MULTIDISCIPLINRY NATURE OF THE ENVIRONMENTAL STUDIES.pptx
MULTIDISCIPLINRY NATURE OF THE ENVIRONMENTAL STUDIES.pptxMULTIDISCIPLINRY NATURE OF THE ENVIRONMENTAL STUDIES.pptx
MULTIDISCIPLINRY NATURE OF THE ENVIRONMENTAL STUDIES.pptx
 
Model Call Girl in Tilak Nagar Delhi reach out to us at 🔝9953056974🔝
Model Call Girl in Tilak Nagar Delhi reach out to us at 🔝9953056974🔝Model Call Girl in Tilak Nagar Delhi reach out to us at 🔝9953056974🔝
Model Call Girl in Tilak Nagar Delhi reach out to us at 🔝9953056974🔝
 
Incoming and Outgoing Shipments in 3 STEPS Using Odoo 17
Incoming and Outgoing Shipments in 3 STEPS Using Odoo 17Incoming and Outgoing Shipments in 3 STEPS Using Odoo 17
Incoming and Outgoing Shipments in 3 STEPS Using Odoo 17
 

Learning MapReduce via Cottonballs

  • 1. The Cottonball Demo "I just don't get this MapReduce thing"
  • 2. The File This isn't a bag of cottonballs.
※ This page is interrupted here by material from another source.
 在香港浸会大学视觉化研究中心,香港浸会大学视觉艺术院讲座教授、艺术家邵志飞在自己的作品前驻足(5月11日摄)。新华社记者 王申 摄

It's a file.
  • 3. Input Splits One split (~HDFS block) is kept on one node The other split (~HDFS block) is kept on another node. Will two students please each take one input split?
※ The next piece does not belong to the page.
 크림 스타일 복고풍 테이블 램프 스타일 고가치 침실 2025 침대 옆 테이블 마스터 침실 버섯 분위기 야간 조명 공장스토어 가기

  • 4. map() -> partition by size On your input split, please group by size. Note, you can group your split by size at the same time someone else can do their split.
  • 5. reduce() Items of the same size are grouped together into a partition. Each partition is then passed to a reducer. The black line indicates the splits to the mappers. The blue lines delineate the partitions to the reducers. The reducer can do anything: it can count, aggregate, explode, whatever. Also with this example, note the skew. The reducers with the small balls have more work.
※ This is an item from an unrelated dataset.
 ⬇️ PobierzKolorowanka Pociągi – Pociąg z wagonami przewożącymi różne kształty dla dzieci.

  • 6. map() -> Partition by color Because we have flexibility in our storage format and our query structure, we can run a completely different mapper on the same data at a later time. Will two students please now group the input splits by color?
  • 7. Another reducer Like in the last example, groups from each mapper are passed to the same reducer. In this example, there are more partitions, but less skew. That's okay.
  • 8. We like MapReduce because... ● Flexibility: We can process the data as it's stored, rather than have to anticipate how it'll be queried ● Scalability: The same simple instructions will work on dump-trucks full of cottonballs and more people to sort through them. ● Economy: We can predict the performance of larger operations processes with smaller amounts of data and workers. ● Versatility: The same demo works on legos, candies, and baby animals.
  • 9. MapReduce has issues because... ● Schema is applied during the query, so this makes for a more complex query. ● Issues like skew require developers to be mindful.